U.S. District Judge Christina Snyder on Monday blocked California from enforcing a mask ban against ICE agents, ruling the state’s “No Secret Police Act” unlawfully singles out federal officers by exempting state police.
Snyder issued a preliminary injunction on Monday, February 9, 2026, in a lawsuit the Trump administration filed in November 2025, and she stayed enforcement of the mask ban until February 19, 2026, unless further stayed by the 9th Circuit Court of Appeals.
The order leaves in place, for now, Snyder’s conclusion that California cannot apply the face-covering prohibition to federal immigration officers while allowing state police to avoid the restriction.
At the same time, Snyder upheld a separate California law aimed at law enforcement transparency, the “No Vigilantes Act,” which requires on-duty officers to display visible identification, including an agency name and an officer name or badge number, with exceptions.
Enforcement of the identification law will also pause until February 19, 2026, after California Attorney General Rob Bonta’s office agreed during the litigation not to enforce it while the court considered the challenge.
The legal fight grew out of political and public tensions that followed 2025 ICE raids in Los Angeles, which helped spur California lawmakers to pass measures intended to limit masked law enforcement activity and require clearer identification during operations.
Snyder, a Clinton appointee who sits in the Central District of California in Los Angeles, grounded her ruling on the Supremacy Clause, writing that the mask ban discriminates against the federal government and violates U.S. Const. art. VI, cl. 2.
California’s No Secret Police Act prohibits facial coverings for law enforcement during the performance of duties, while carving out exceptions for SWAT and undercover activities.
Governor Gavin Newsom signed the law in September 2025, and it took effect January 1, 2026, though the provisions remained on hold while the lawsuit proceeded.
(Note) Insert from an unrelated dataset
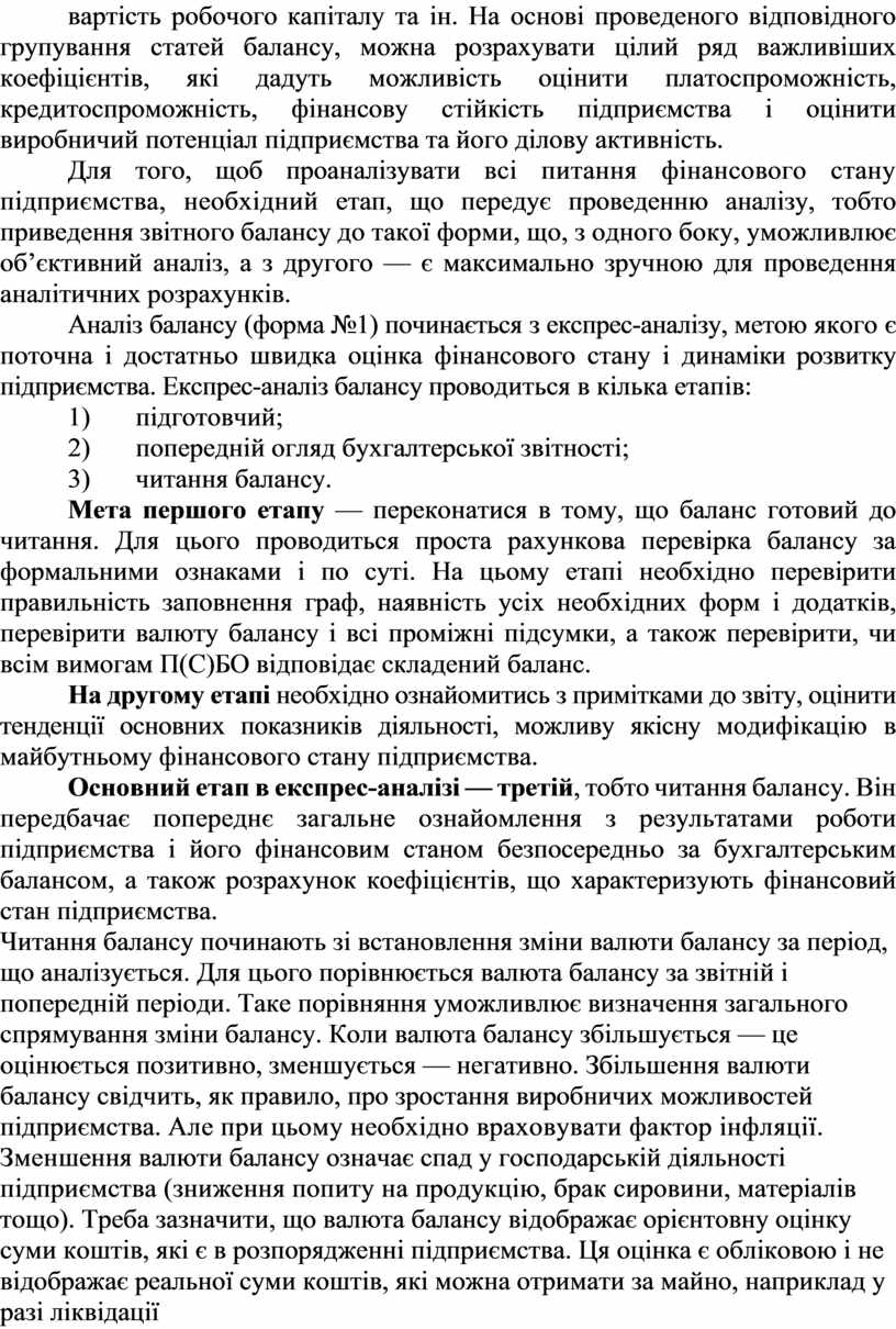 Аналіз фінансового стану підприємств здійснюється в основному за даними квартальної і річної звітності і в першу чергу за даними балансу. Баланс дозволяє зробити оцінку найсуттєвіших ознак фірми. Саму процедуру оцінок прийнято називати читанням балансу. Вміння читати баланс – важлива професійна характеристика фінансиста, яка надає йому можливість складати прогнозні баланси й управляти найважливішими фінансовими параметрами фірми. До того ж, вміння читати фінансові звіти допомагає фінансовому аналітику скласти правильну думку про фінансовий стан і виробничу діяльність інших компаній. При читанні балансу виясняють: характер зміни підсумку балансу та його окремих розділів і статей, правильність розміщення коштів підприємства, його поточну платоспроможність та ін.

Snyder concluded the measure would cross a constitutional line when applied in a way that treats federal officers differently from state counterparts, because the exemption for state police leaves federal agents facing restrictions that similarly situated state officers do not.
In her order, Snyder also addressed the purpose behind the California law, writing that the Acts promote “transparency which is essential for accountability,” while questioning the need for face coverings in ordinary law enforcement work.
She added that federal officers “can perform their federal functions without wearing masks,” language that the federal government cited as support for requiring operational flexibility while preserving the ability to do the job.
The Trump administration’s lawsuit challenged the mask ban’s application to federal agents, including ICE agents, while the case also focused on whether California could enforce identification requirements against officers carrying out duties in the state.
Snyder’s ruling left open the possibility that a broader, even-handed mask restriction could survive, noting the law “could be constitutional if applied to all officers,” a point tied directly to her finding that the current framework exempts state police.
The decision sets up a near-term deadline because Snyder’s order keeps the mask ban’s enforcement on hold only until February 19, 2026, unless the 9th Circuit Court of Appeals takes action to extend the stay.
On the federal side, Justice Department lawyer Tiberius Davis argued the state law created operational risks, citing Department of Homeland Security reports of increased assaults and threats against officers after 2025.
Davis also pointed to a Los Angeles incident in which three women allegedly doxxed an ICE agent through a livestream and Instagram, a scenario the federal government used to argue that exposing officers’ identities can lead to harassment and danger.
Snyder’s order described the competing interests in stark terms, recognizing transparency goals while rejecting the state’s uneven application of the mask ban as inconsistent with the constitutional structure governing conflicts between state rules and federal functions.
California’s response after the ruling was limited, with Bonta’s office offering no immediate comment post-ruling after previously agreeing not to enforce the identification law during the proceedings.
In Sacramento, state Sen. Scott Wiener said he plans immediate new legislation to include state police in the mask ban, a step that could address the exemption Snyder cited when she concluded the law discriminates against federal officers.
The ruling arrives as states across the country consider how to respond to immigration enforcement tactics in their communities, and Snyder’s order may influence similar state measures nationally.
For California, the immediate practical effect is that the No Secret Police Act cannot be enforced against federal immigration officers while the injunction remains in place, even as the separate identification law remains upheld but paused through February 19, 2026.
For federal immigration enforcement in Los Angeles and beyond, the case centers on whether California law can regulate the appearance of ICE agents during operations when state police do not face the same requirement, a constitutional question Snyder answered by invoking the Supremacy Clause and a basic demand for equal treatment between sovereigns.
Federal Judge Blocks California Law Requiring ICE Agents to Remove Masks During Operations
Judge Christina Snyder blocked California’s mask ban for federal agents, ruling it violates the Supremacy Clause by exempting state police. While the ‘No Secret Police Act’ is halted, the ‘No Vigilantes Act’ regarding identification was upheld. The ruling follows tensions from 2025 ICE raids in Los Angeles. Enforcement is paused until February 19, 2026, as California considers new legislation to apply the mask ban equally across all law enforcement agencies.